SecurityManaged switches provide a number of benefits to network security. It is able to keep an eye on and control the process of putting threats in place,guard the data, and look after the management strategy.Unmanaged switches do not have their own dedicated security mechanism to provide protection. They have a very low feeling of security and relatively few possessions. However, it is not possible to meddle with the network because it also functions as a port that can be locked.
UsageManaged switches are typically deployed in computer networks that support a significant number of users.In networks with a limited number of users, unmanaged switches are typically deployed.
FunctionA managed switch is a type of network switch that can be controlled, configured, and monitored. This type of switch also gives you the ability to regulate the traffic on a local area network (LAN).When establishing connections with Ethernet devices that have a specific configuration, an unmanaged switch is the device that is used. It does not let any tweaks or alterations of any kind to be made on your end.
UsageManaged switches are typically deployed in computer networks that support a significant number of users.In networks with a limited number of users, unmanaged switches are typically deployed.
CostManaged switches are costly.In comparison, unmanaged switches are less expensive.


It is critical that you select the right kind of switch for your network. Your best bet is to seek the assistance of a network manager or a technician who can provide you with the most reliable guidance in this matter.

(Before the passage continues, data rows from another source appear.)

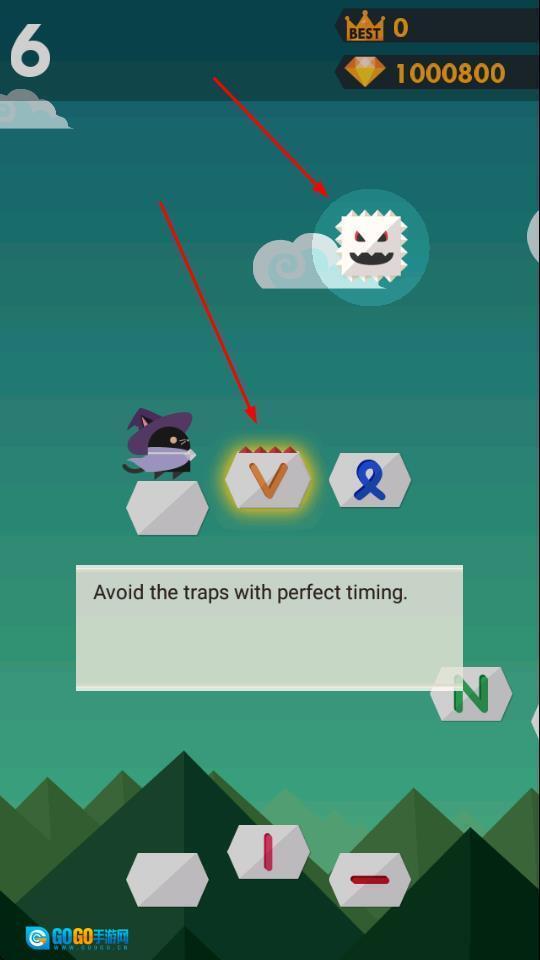3、遇到空中尖刺陷阱之类的障碍时,按照提示“Avoid the traps with perfect timing”,找准时机点击符号方块来避开危险,朝着更高分数发起挑战。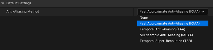 만약 FXAA가 문제가 있을 시 None으로 사용해도 된다.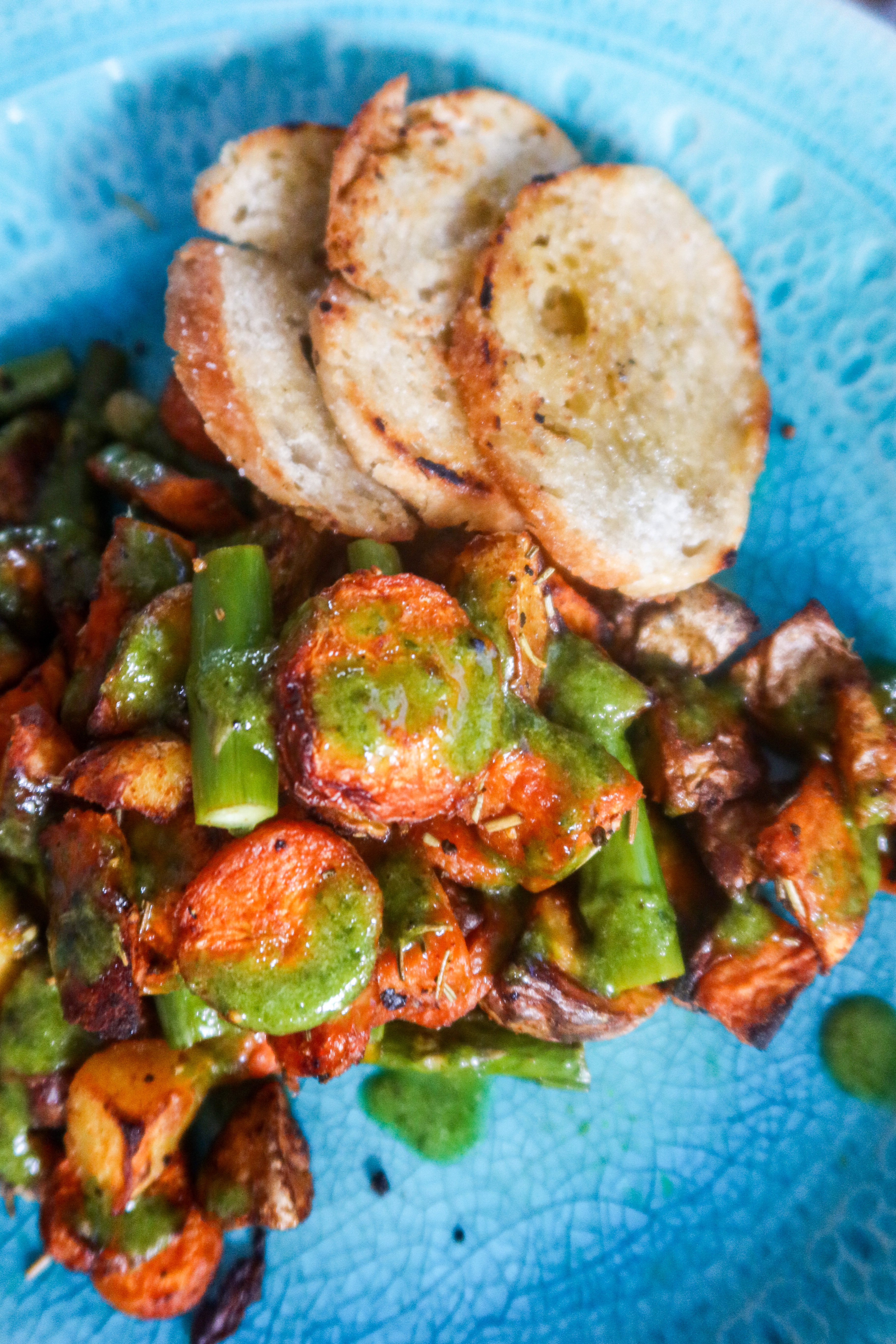 Vi åt detta till rostade grönsaker med lite krispigt stekt bröd. Så gott så gott!

An unmanaged switch would be able to complete the task at hand and would be enough for use by sole proprietors, employees of startups, and independent contractors.

If there are so many people using the network that it is impossible to keep track of them all, then the best option would be to go with a switch that is easy to administer.

Before deciding on a switch, one must take into consideration not just its size and number of users, which are often thought to be the most important factors, but also its characteristics.